If you can't find anywhere to sleep there are still other ways out of the situation. If you are lucky enough to be at a 24 hour petrol station just keep drinking coffee and keep hitching through the night. (Joe: My advice would be not to. After about 11p.m., it's probably best just to accept that you've been lucky and are stuck at a petrol station where you can stay warm. If you take another lift, you might end up in the middle of nowhere at three in the morning.) At night don't bother trying to get lifts with a sign, just ask people at the petrol station when they go to pay. Keep in mind that it gets really quiet between 2:00 and 5:00 even at a busy autobahn service area. The other alternative is to find a truck (or a car) going a really really long way and crash out on the way. Make sure you trust the driver or do it with 2 hitchers taking turns to sleep. The downside to this is that you might wake up a long way from where you wanted to be but at least you didn't have to sleep in the gutter.
Getting to the nearest city
It's tough to hitchhike out of city centres. But sometimes (if you're tired, hungry, thirsty, ill etc.) you'll need to go off your route and take a pause in the nearest city. Hey, if you're flexible with your travel arrangements, you may decide to stay there for a bit longer...
If hitchhiking to the city is too hard for whatever reason, and the city is too far to walk, then take public transport. Head for nearby areas of houses: they often have bus stops.
Most petrol stations on motorways have a special access road for staff and delivery/emergency vehicles. Many petrol stations also have local maps you can look at to find bus stops near you, if you exit via the special access road.
Use buses and trains
It's not worth trying to hitchhike at all costs. Sometimes it's just more convenient to take a bus to get to a highway or to your final destinations. This is the case especially when leaving or arriving at big cities or at night. Sometimes you can get away without paying on public transport, although in some countries or cities you have to be more careful than usual: check a "Public Transport" (or "Blackriding") section (if there is any) of a country/city you travel to. If you do blackride anyway, sit or stand preferably by the door; sometimes quick reaction (last second jumping off) to suspiciously looking folks who might appear to be ticket controllers can save your butt. It is usually better to sit in the front of the bus so you can quickly scan all the people waiting for the bus while the bus approaches the station and stops. Also, it helps to direct sight in only one way to look for ticket controllers you missed before already in the bus.

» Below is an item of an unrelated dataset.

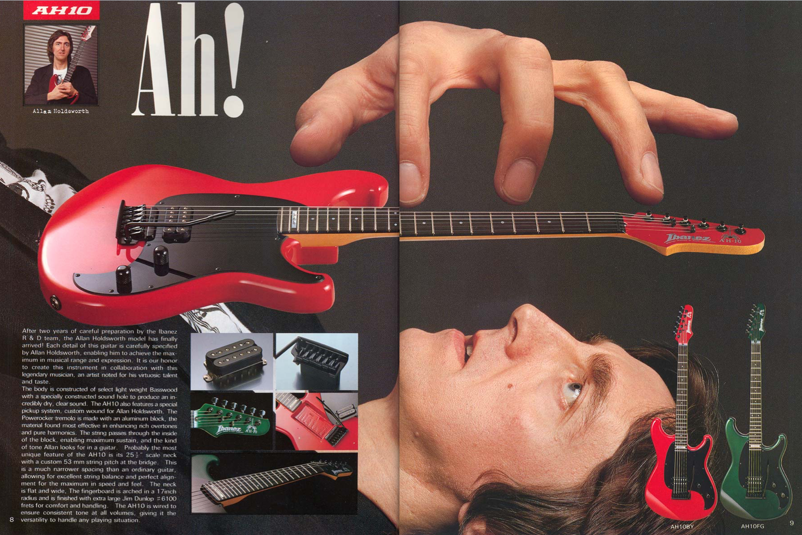 Mención especial merece la aparición en el catálogo del año 1985 del virtuoso británico Allan Holdworth y su modelo AH 10BY y AH10FG. Como se explica en el catálogo de 1986, en el año 1982 Holdsworth habría estado buscando que estuviese a la altura de su criterio como músico lo que lo llevó a contactarse con Roy Miyahara de Ibanez. Así, el equipo de investigación y desarrollo de Ibanez trabajó junto al músico británico lo que tuvo como resultado el modelo AH10 (al cual se añadiría en 1986 el AH20) Algunas características era su cuerpo de tilo (baswood), un mástil amplio y plano, un radio del diapasón de 17 pulgadas, escala 25 ½ y un puente customizado con un espaciado entre cuerdas más reducido, un Powerocker tremolo y un humbucker customizado o personalizado para Holdsworth.

If you need to travel over long destinations, taking the highway may help a lot, and in some place is almost unavoidable. Most highway entrances are bad spots, and many are dangerous. A good way to "hitchhike" on highway is to practice "station hopping": you only stops in petrol stations. Petrol stations (or rest areas, often the same) are the best spot ever, because you can go directly talk to people (show them you are nice and smile) and the car is totally stopped. Enjoy. This works particularly well in Germany and France. In Italy, hitching from toll stations seems to work a little better.
Do realise that in most countries, hitchhiking directly on the highway is forbidden! In rare occasions however, you might be forced to. Keep in mind that it is very unsafe for drivers to stop on the highway, and that your own safety is also in danger. The police might force you to leave the area, but in some cases they just don't care.
Last but not least, try to avoid common mistakes and you will save a couple of hours and loads of frustration.